Mi fermai giusto per riprendere fiato, presa dalla rabbia e dall’indignazione.
Mi resi conto che forse avrei dovuto fermarmi E BASTA, ma tanto, che m’ importava. Tacere e parlare nella mia famiglia è la stessa cosa, per quanto mi riguarda.
Quindi perché non sfogarsi una volta per tutte?
«Ma no, aspetta un attimo, chi è quella lì? Aspetta, c’è una macchia scura in un angolo? Come dici? L’altra sorella? Ma che diamine stai farneticando! Quella cosa lì una De Cervis? No, è impossibile, si vede lontano un miglio che non può fare parte di quella famiglia, guardala, sembra uno straccio usato e umido buttato in mezzo alle pelli di daino! Sarà una cugina, ma molto alla lontana neh… Ma che fa? Sale in limousine con loro? Quell’essere? Non dirmi che è davvero una sorella!

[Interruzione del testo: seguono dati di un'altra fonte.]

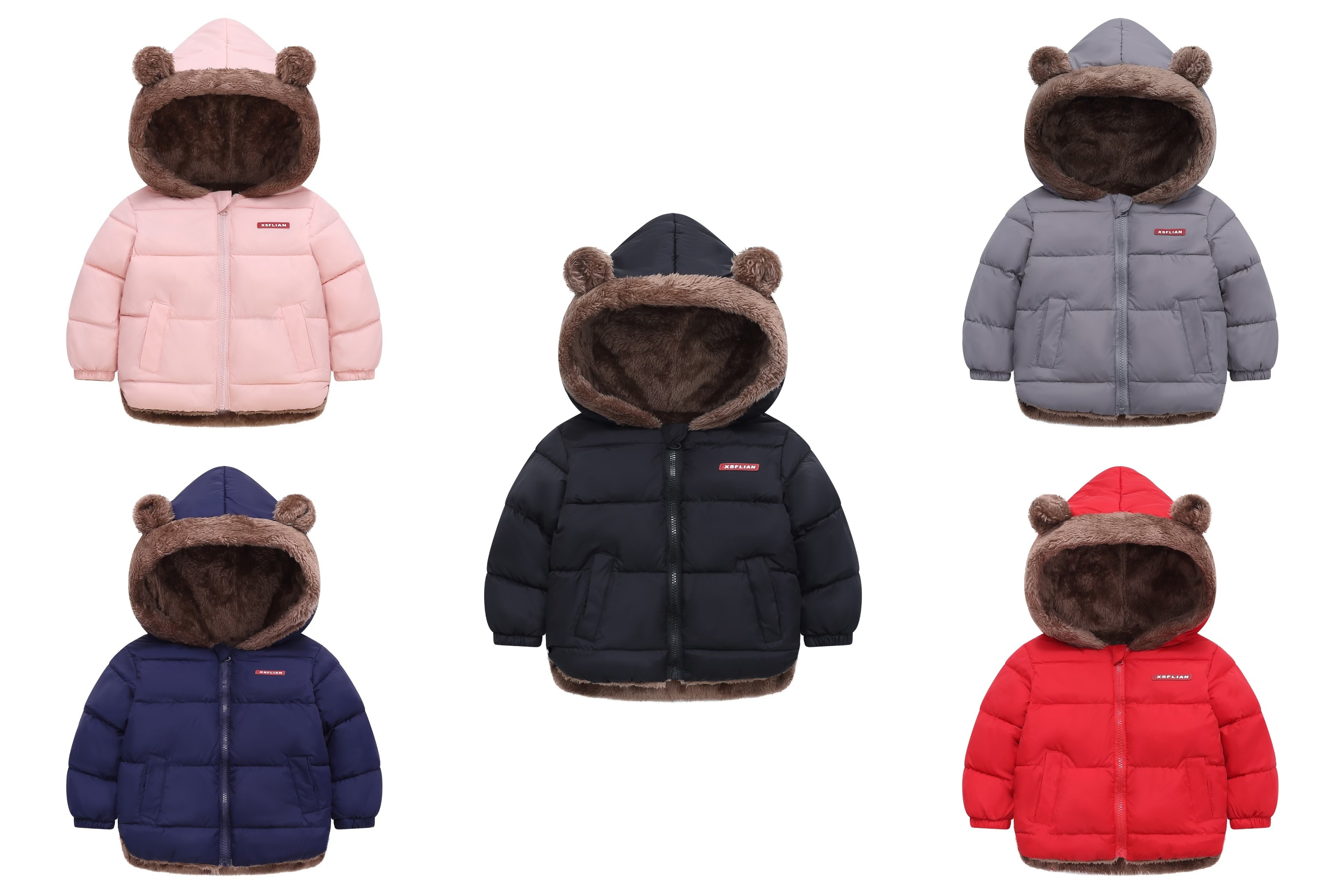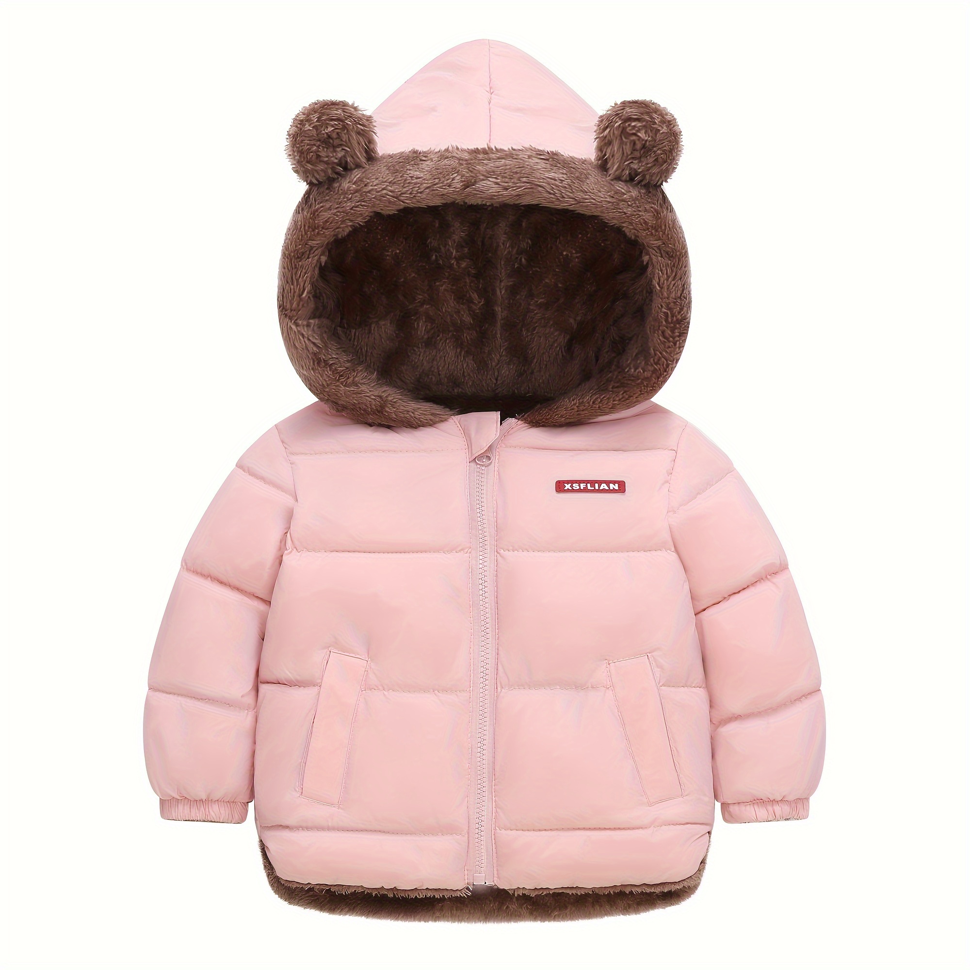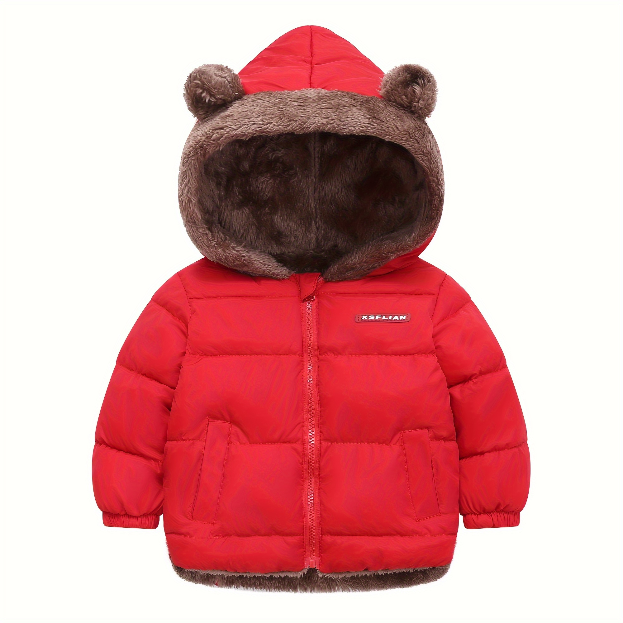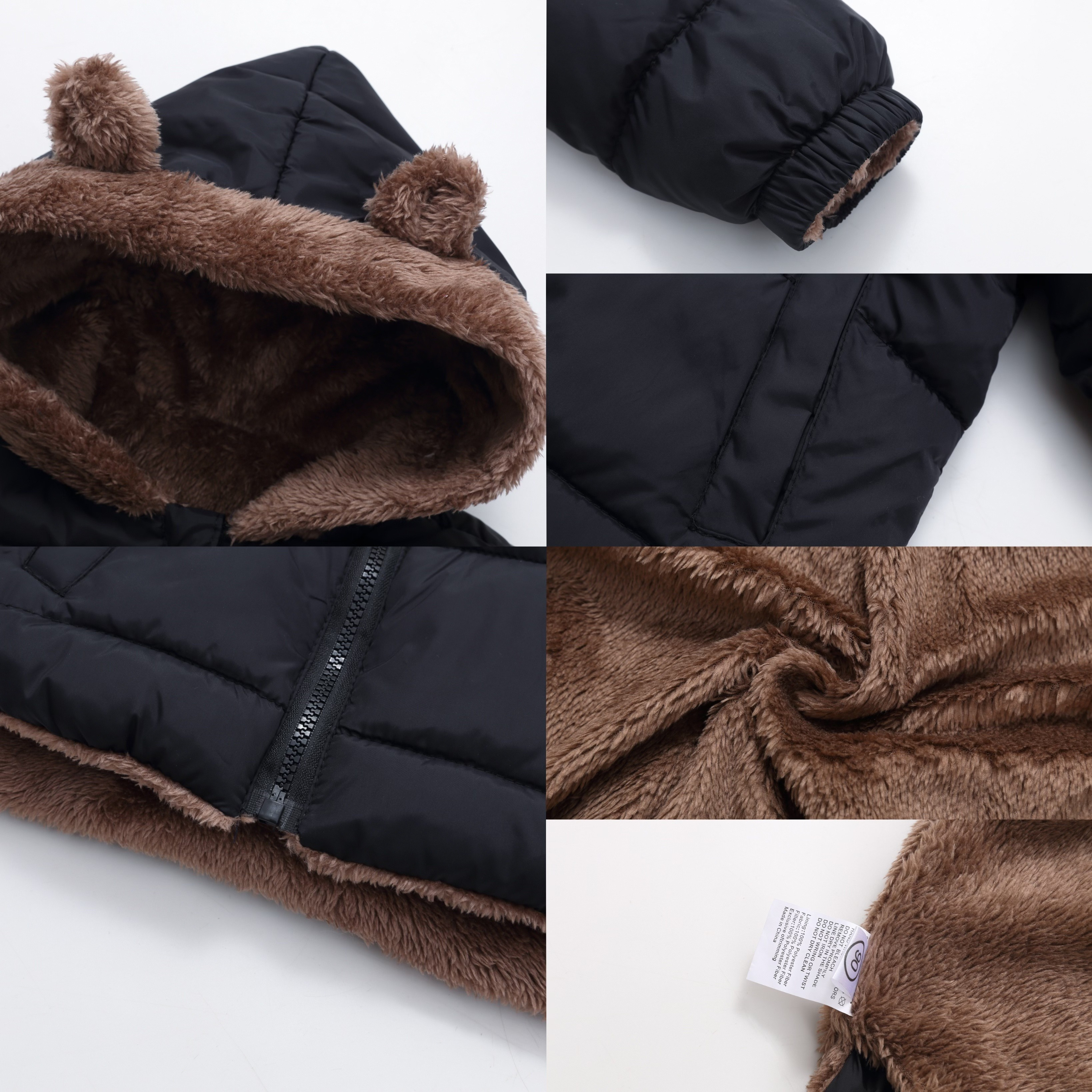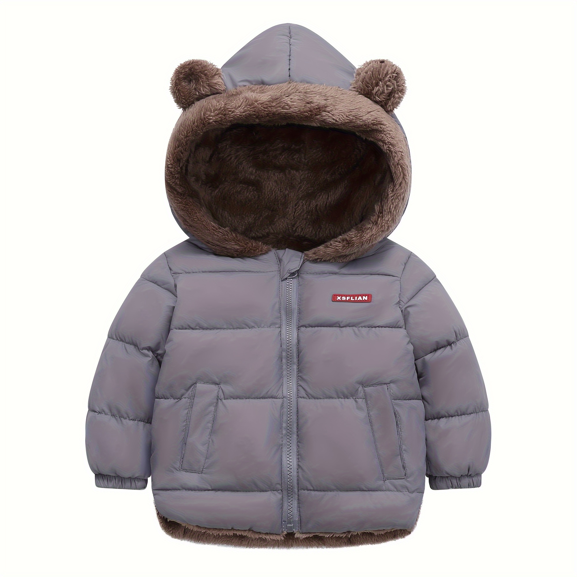 1 lightweight hooded jacket for boys in autumn and winter, with soft plush lining, thick insulation, cute bear ear hat zipper design, suitable for casual winter wear, durable zipper jacket

Sarà una domestica, una della servitù, una sguattera, più non può essere, non assomiglia nemmeno lontanamente ai suoi fratelli… Dio che volgarità, guarda, prima l’ho vista addirittura abbracciare la vedova dell’operaio, manco fossimo al mercato del pesce…tsk, mi spiace per Raffaele, ritrovarsi una figlia così… ma siamo sicuri che non l’abbiano adottata?»
Mi resi conto che stavo urlando, e piangendo, eppure la mia voce proseguì senza incrinarsi.
Almeno, non troppo.
«Lo so, preferireste tutti che io non fossi mai nata, so anche della vasectomia di papà dopo Tosca, ma ciao, sono qui, l’errore chirurgico! Il mio compito è rovinare la vostra vita perfetta, come sto andando?»

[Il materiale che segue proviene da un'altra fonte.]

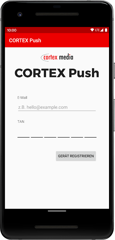 Ứng dụng thông báo cho các dịch vụ và khách hàng của Cortex Media GmbH ở Ulm.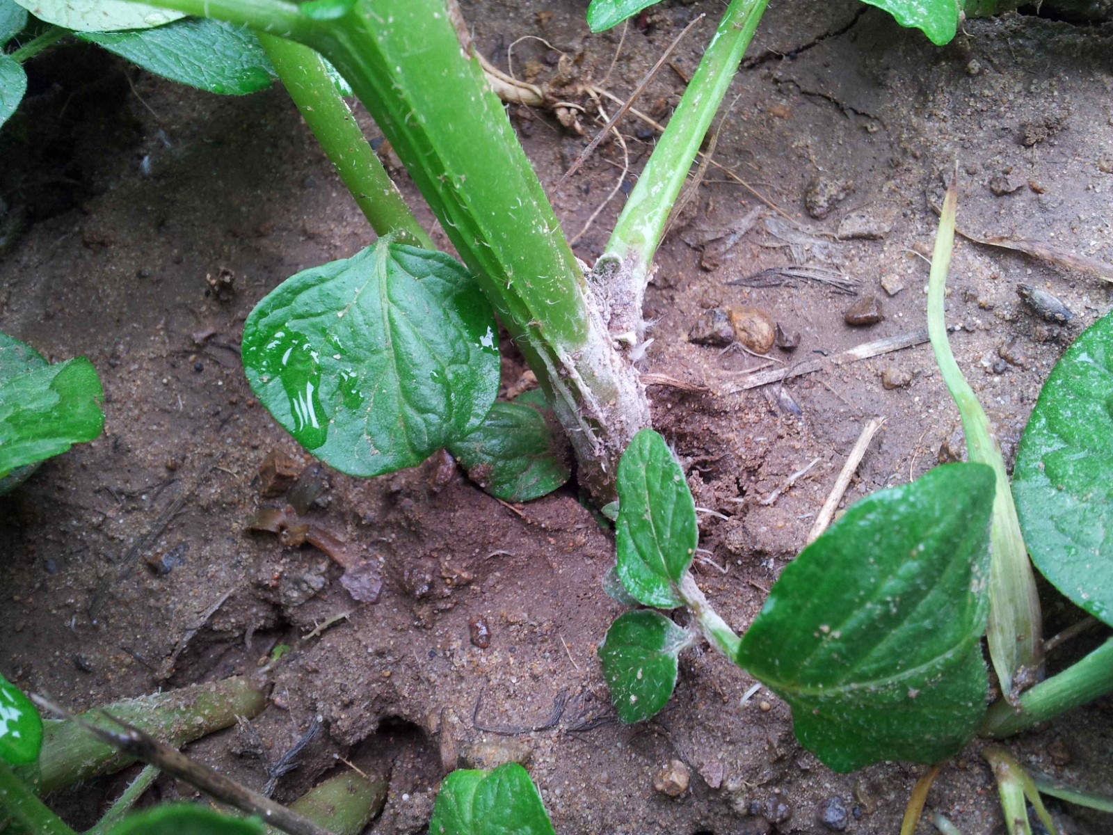 播种以后,受种薯带菌或因土壤中病菌侵染,幼芽顶部出现褐色病斑,使生长点坏死,称为烂芽。芽条受害后会停止生长,或从芽条下部节上长出一个新芽条,造成不出苗或晚出苗。出现出苗不全、不齐、细弱等问题。在出苗前后,主要感染地下茎,使地下茎上出现点片状或环剥的褐色溃疡斑。同时使薯苗植株矮小或顶部丛生,严重的植株顶部叶片向上卷曲萎蔫,有时腋芽生长气生薯。中期茎基部表面产生灰白色菌丝层,易被擦掉,擦后下面组织生长正常。被感染的匍匐茎为淡红褐色斑,轻者虽能结薯,但长不大,重者不能结薯,匍匐茎乱长或死掉。受侵染的植株,根量减少,形成稀少的根条。在受侵染植株上所结块茎上,表面附着大小不一、形状不规则的、坚硬的、土壤颗粒状的黑褐色土疤。这些土疤是菌核休眠体,冲洗不掉,而土疤下边组织完好,称为黑痣病,成为翌年种薯带病菌源。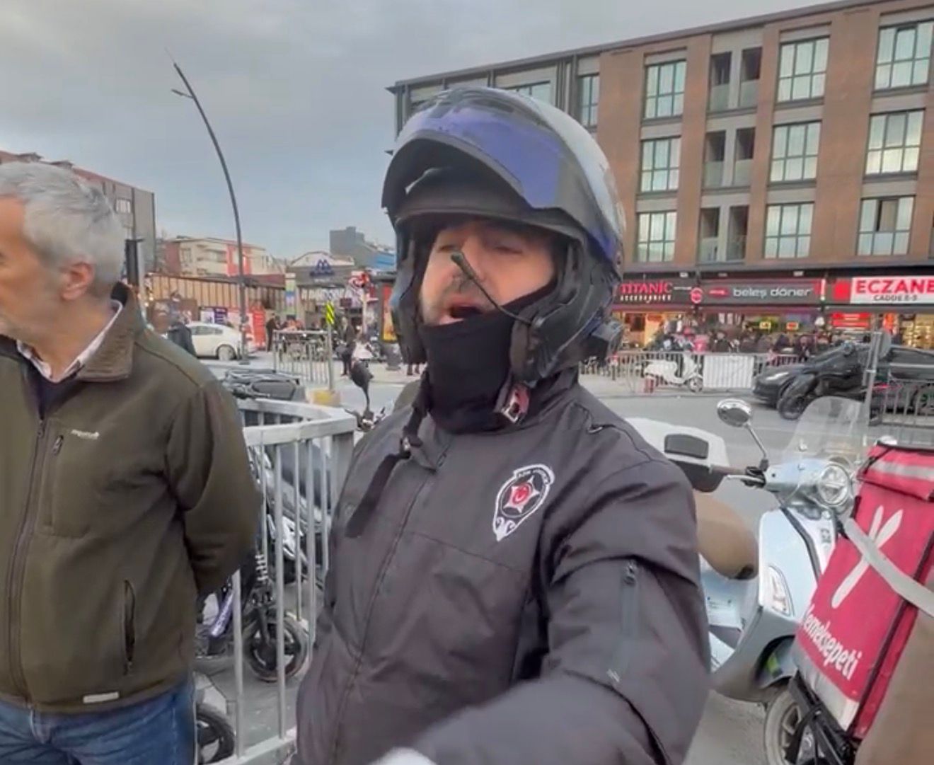 Tartışmanın büyümesiyle bazı Sol Parti üyelerinin kuryenin üzerine yürüdüğü, sinkaflı ifadeler kullanarak tehdit ve hakaretlerde bulunduğu öne sürüldü. O sırada bölgeden geçmekte olan Yunus polis ekipleri, tartışmaya müdahale ederek olayın büyümesini önledi.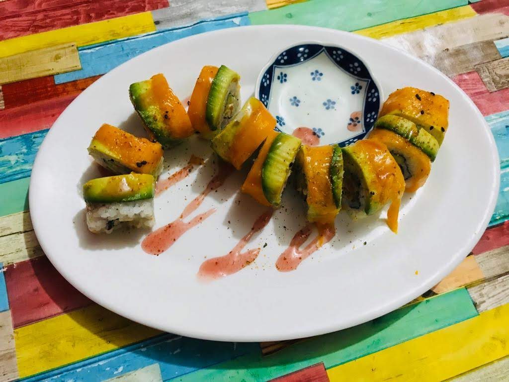 POR FUERA MANGO Y AGUACATE, RELLENO DE CAMARON EMPANADO, PEPINO Y PASTA DRAGON, ACOMPAÑADO DE SALSA DE FRESA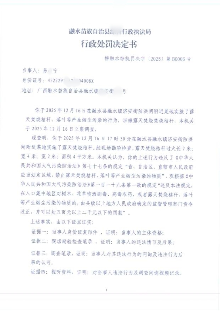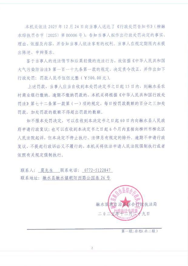 柳融水综执罚决字〔2025〕第B0006号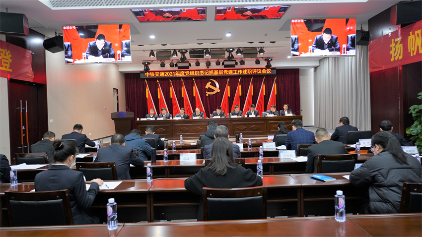 结合当前常态化疫情防控要求,2月16日下午,中铁交通以“现场+视频”相结合的方式,组织召开了2021年度党组织书记抓基层党建工作述职评议会议。集团公司党委书记、董事长谭世俊主持会议并讲话,集团公司党委副书记、总经理李建光及全体领导班子成员参加会议。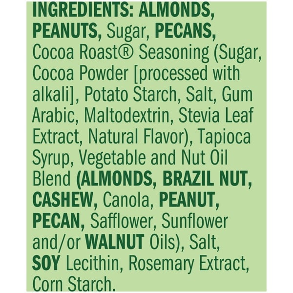 Almonds, Peanuts, Sugar, Pecans, Cocoa Roast® Seasoning (sugar, Cocoa Powder [processed With Alkali], Potato Starch, Salt, Gum Arabic, Maltodextrin, Stevia Leaf Extract, Natural Flavor), Tapioca Syrup, Vegetable And Nut Oil Blend (almonds, Brazil Nut, Cashew, Canola, Peanut, Pecan, Safflower, Sunflower And/or Walnut Oils), Salt, Soy Lecithin, Rosemary Extract, Corn Starch

Scoppiai in una risata isterica, quasi che la consapevolezza di non essere mai stata desiderata fosse la barzelletta più spassosa di questo mondo.
Gualtiero ammutolì di fronte al mio sfogo. Non provò nemmeno a controbattere, o tantomeno a negare, perché sapeva che ogni singola parola che avevo detto era la verità.

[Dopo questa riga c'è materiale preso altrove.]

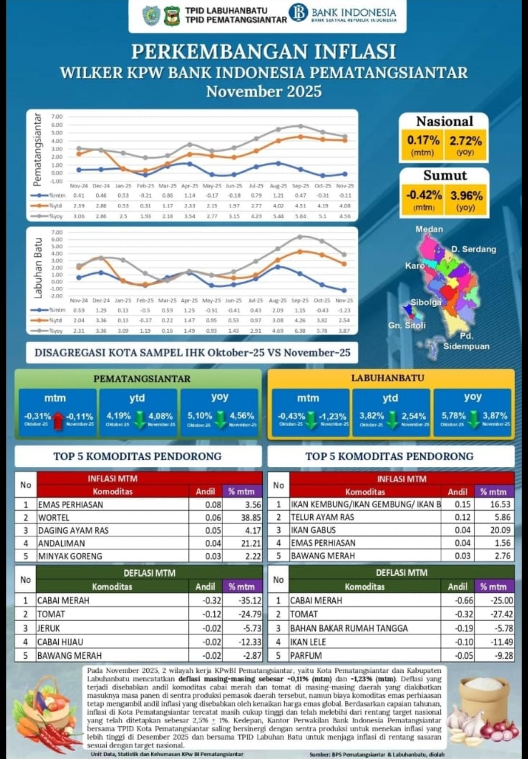 Laporan per November secara Month to Month (MTM) di Kota Pematangsiantar yakni Cabai Merah menyumbang andil deflasi -032 persen; Tomat -0,12 persen; dan Jeruk 0,02 persen.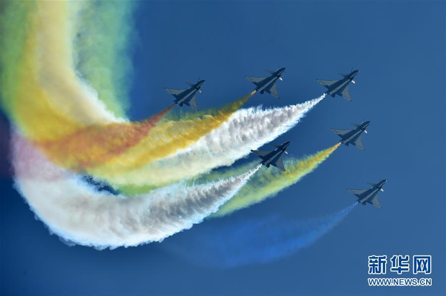 11月6日,中國空軍八一飛行表演隊(duì)在航展現(xiàn)場進(jìn)行飛行表演。當(dāng)日,第十二屆中國國際航空航天博覽會在珠海開幕。 新華社記者鄧華攝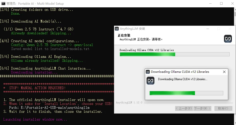 安装窗口会显示HuggingFace(我已改成国内镜像地址)的下载链接 复制链接,用其他工具下载.gguf文件 将文件放入U盘models/文件夹 重新运行install.bat,会自动跳过已存在的文件

Tirai su col naso e cercai di riprendere il controllo.
Calma, Eve, calma, è solo quello stronzo di Gualtiero. Il solito, vecchio, stronzo, Gualtiero. Non pensare che ti sei appena aperta in un qualche modo complesso con tuo fratello, pensa positivo, l’hai azzittito. È un grande risultato, no?
Pian piano questi ed altri pensieri mi restituirono la calma. A mente fredda mi accorsi che eravamo praticamente arrivati e Gualtiero stava accostando per farmi scendere davanti a quel bel palazzone antico che è il mio liceo. Bofonchiai un grazie nemmeno troppo convinta, e ricevetti un altrettanto bofonchiato prego di risposta.
E, come un’ombra, m’ immersi nella multicolore e rumorosa fiumana umana che stava accalcandosi all’entrata, sfiorando tutti e toccando nessuno.